Por Mauro Cezar Pereira (ESPN)
Na manhã de quarta-feira, li na coluna do Tostão o desabafo do craque, da bola e dos comentários, contra as exageradas marcações de faltas que caracterizam o futebol brasileiro. Há tempos reclamo disso e quem nos acompanha sabe disso. E é ótimo estar tão bem acompanhado nesta batalha contra o apito generoso com os atores que interpretam quedas mil nos gramados.
Mas a satisfação de ler Tostão bem cedo também combatendo as arbitragens à brasileira foi por água abaixo à noite. No Serra Dourada, na disputa de bola dentro da área, no corpo a corpo com Leandro Euzébio, do Goiás, Adriano se atira, salta, e ganha um pênalti para o Flamengo. Ele voltou há pouco ao futebol daqui, mas logo percebeu qual é a manha. No apito, Heber Roberto Lopes.
Morumbi: Hugo adianta a bola, vê Castillo, que recolhe as pernas, mas como ela vai se perdendo pela linha de fundo… o são-paulino resolve tropeçar no goleiro do Botafogo. Elmo Alves Resende Cunha aponta a marca penal. Nos Aflitos, William e Gilmar disputavam o lance e ante a perna do zagueiro corintiano, o artilheiro do Náutico opta pela queda, um pulinho, brindado com pênalti por Arilson Bispo da Anunciação, que estava a pelo menos 40 metros do lance.
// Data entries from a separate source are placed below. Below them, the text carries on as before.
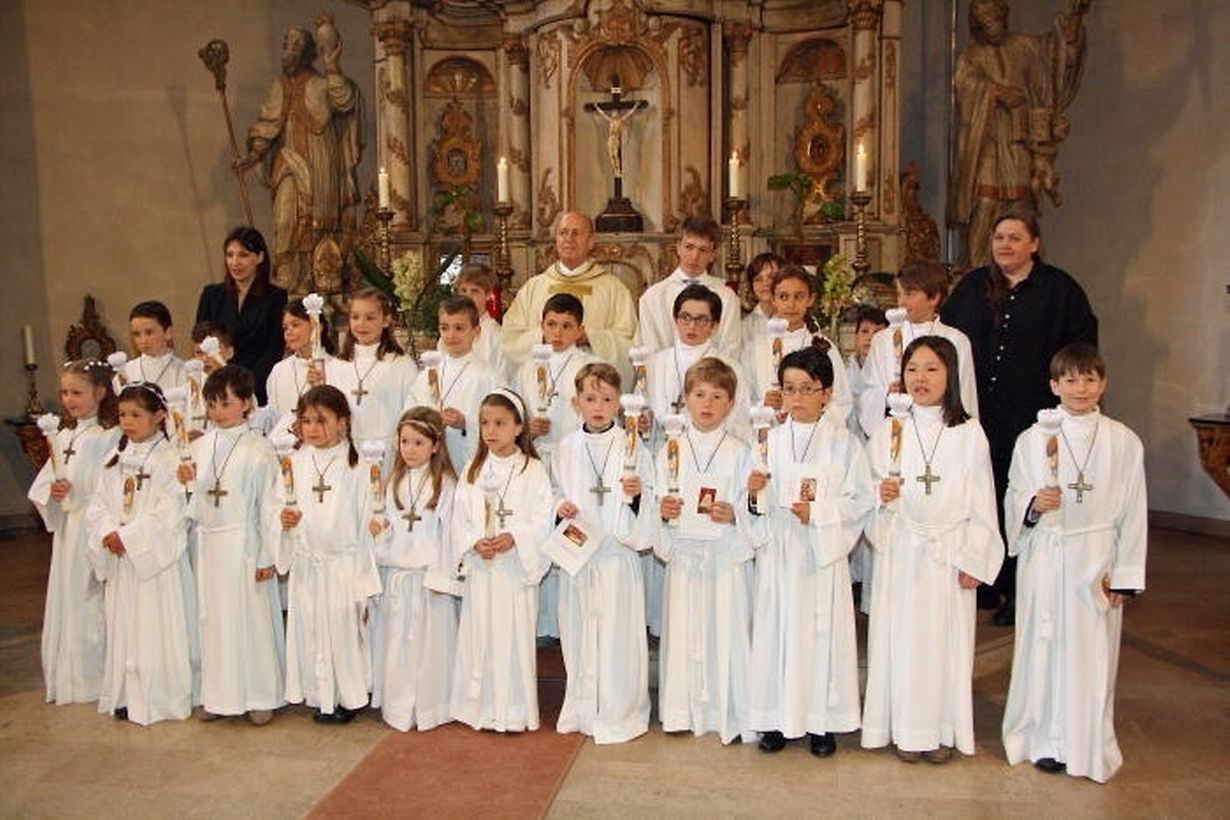 Dimanche dernier, vingt enfants de la communauté francophone de la paroisse Saint-Michel reçurent le sacrement de la Première communion en l'église Saint-Michel à Luxembourg. Mgr Mathias Schiltz célébra la sainte messe. Depuis septembre 2012, Mathias Schiltz et les assistantes pastorales Marie-Hélène Gammel et Sandra Petrovic préparèrent les enfants Oscar Bachelet, Armand Banon, Calixte de Beauregard, Gaspard Berdy, Gaspard Bouchard, Ombeline Brusset, Sophie de Busscher, Amaury Chaignon, Martin Chaignon, Alice Dubois, Héloïse Foillard, Geoffroy Lebec, Théo Malhomme, Hortense Nguyen-Guinard, Louis de Nonancourt, Clarisse de Prest, Brune Roblin, Claire Scharen-Dupont, Thibault Scharen-Dupont et Amélie Seyler durant de longs mois, accompagnés par leurs parents pour découvrir ce trésor inestimable que leur offre la table eucharistique.
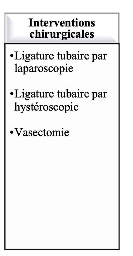 Classification des méthodes de contraception: Interventions chirurgicales - nommez-les
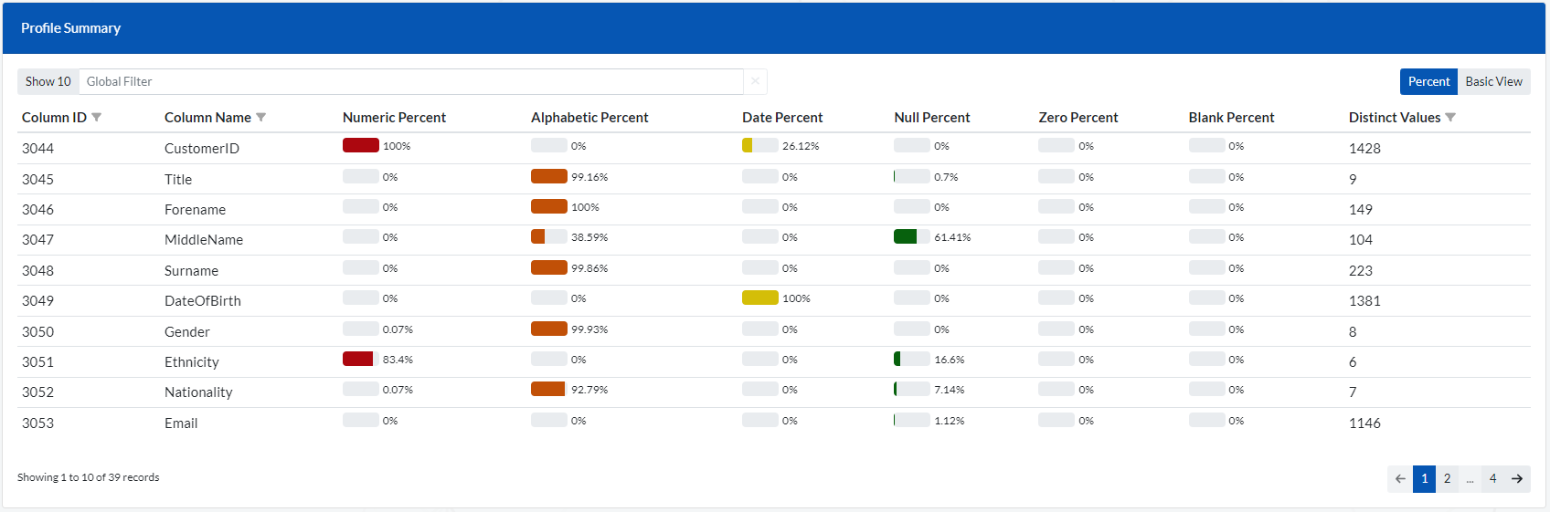 The profiling dashboards display the profiling results and the analysis areas listed above. This is displayed in a tabular and visual format, allowing the user to select the relevant table and perform deep dives into the columns. This is displayed at an aggregated level - can't drill into specific examples, and is static view based on the date the profiling was run (results don't automatically update).

Observe que Adriano se agarra no zagueiro e vai se jogando para trás. Pura malícia. Aloísio, agora no Vasco, faz isso como poucos. Note que Hugo percebe a bola fugindo do seu controle, o goleiro recolhe as pernas e ele deixa as dele para cair. É nítido também. Como perceptível é a astúcia de Gilmar, com um saltinho “esperto” diante da perna de William. Quanta malandragem!
Não vou discutir outros erros cometidos pelos apitadores nesses jogos, e eles aconteceram. Sei que esse post será inundado por internautas discordando do que penso sobre uma, duas ou as três jogadas. Normal, no Brasil já se tornou comum achar que isso tudo aí é pênalti mesmo. E a imprensa tem colaboração enorme, especialmente quem só analisa futebol em câmera lenta.
É o apito verde-amarelo, tão generoso com atacantes espertos. Fico imaginando como devem ser as conversas entre esses jogadores que cavam as penalidades e seus colegas, longe dos repórteres, das lentes e dos microfones. Certamente morrem de rir de tanta gente, na arbitragem, na torcida e na imprensa, que acredita nas suas artimanhas. De nós.
O pior de tudo é que isso é a cara do Brasil.